Exercise:
Make an exact copy of the whole listing, but leave its pictures out.

----- Supplied data

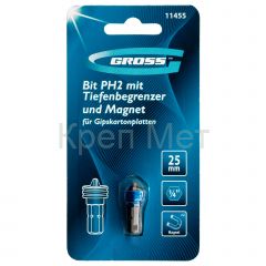 - Бита PH2 x 25 мм с ограничителем и магнитом, для ГКЛ, S2 Gross
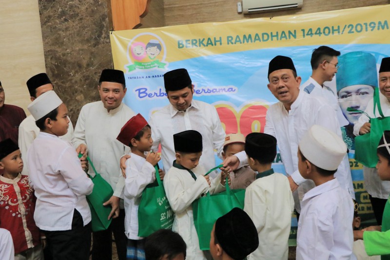 Wali Kota Tangerang H. Arief R. Wismansyah menghadiri acara Santunan dan Buka Puasa Bersama ribuan anak yatim yang digelar oleh Pengurus Program Orang Tua Asuh (POTA) Yayasan An-Nabawi bertempat di Masjid An-Nabawi, Perumahan Banjar Wijaya, Cipondoh, Minggu (19/5).
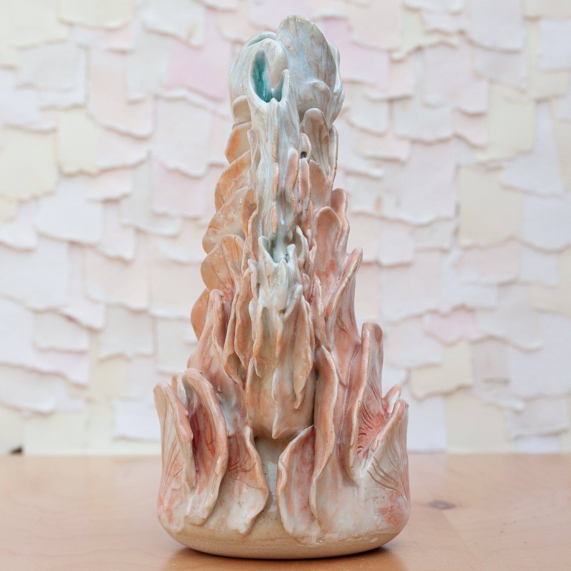 Like a growing reef or a glowing being, this piece was thoughtfully sculpted piece by piece. This stunning piece is a combination of many techniques. Thrown on the wheel, altered and offshoots built to the sides, the texture was then added, layer by layer. A porcelain slip brushed on allows for the glaze to glow.
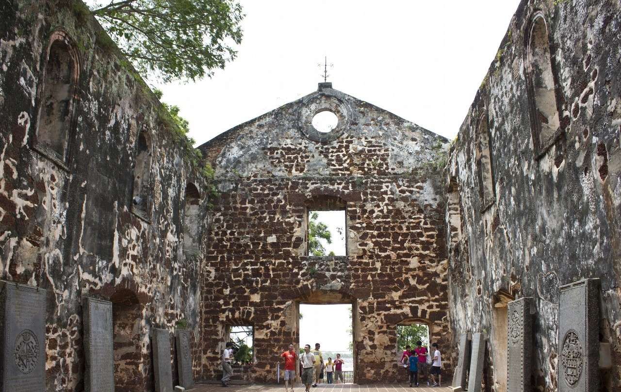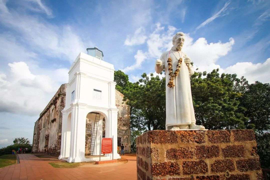 圣保羅教堂位于馬六甲河口的升旗山(又名西山,滿刺加國(guó)王拜里迷蘇拉曾將明成祖贈(zèng)送的金龍文箋在山上勒石樹碑,后改名為圣保羅山),建于1521年,為葡萄牙人所建。著名傳教士圣方濟(jì)各埋葬于此,教堂前豎有圣芳濟(jì)各神父塑像。

----------

Output for this task:
 - Бита PH2 x 25 мм с ограничителем и магнитом, для ГКЛ, S2 Gross
 Wali Kota Tangerang H. Arief R. Wismansyah menghadiri acara Santunan dan Buka Puasa Bersama ribuan anak yatim yang digelar oleh Pengurus Program Orang Tua Asuh (POTA) Yayasan An-Nabawi bertempat di Masjid An-Nabawi, Perumahan Banjar Wijaya, Cipondoh, Minggu (19/5).
 Like a growing reef or a glowing being, this piece was thoughtfully sculpted piece by piece. This stunning piece is a combination of many techniques. Thrown on the wheel, altered and offshoots built to the sides, the texture was then added, layer by layer. A porcelain slip brushed on allows for the glaze to glow.
 圣保羅教堂位于馬六甲河口的升旗山(又名西山,滿刺加國(guó)王拜里迷蘇拉曾將明成祖贈(zèng)送的金龍文箋在山上勒石樹碑,后改名為圣保羅山),建于1521年,為葡萄牙人所建。著名傳教士圣方濟(jì)各埋葬于此,教堂前豎有圣芳濟(jì)各神父塑像。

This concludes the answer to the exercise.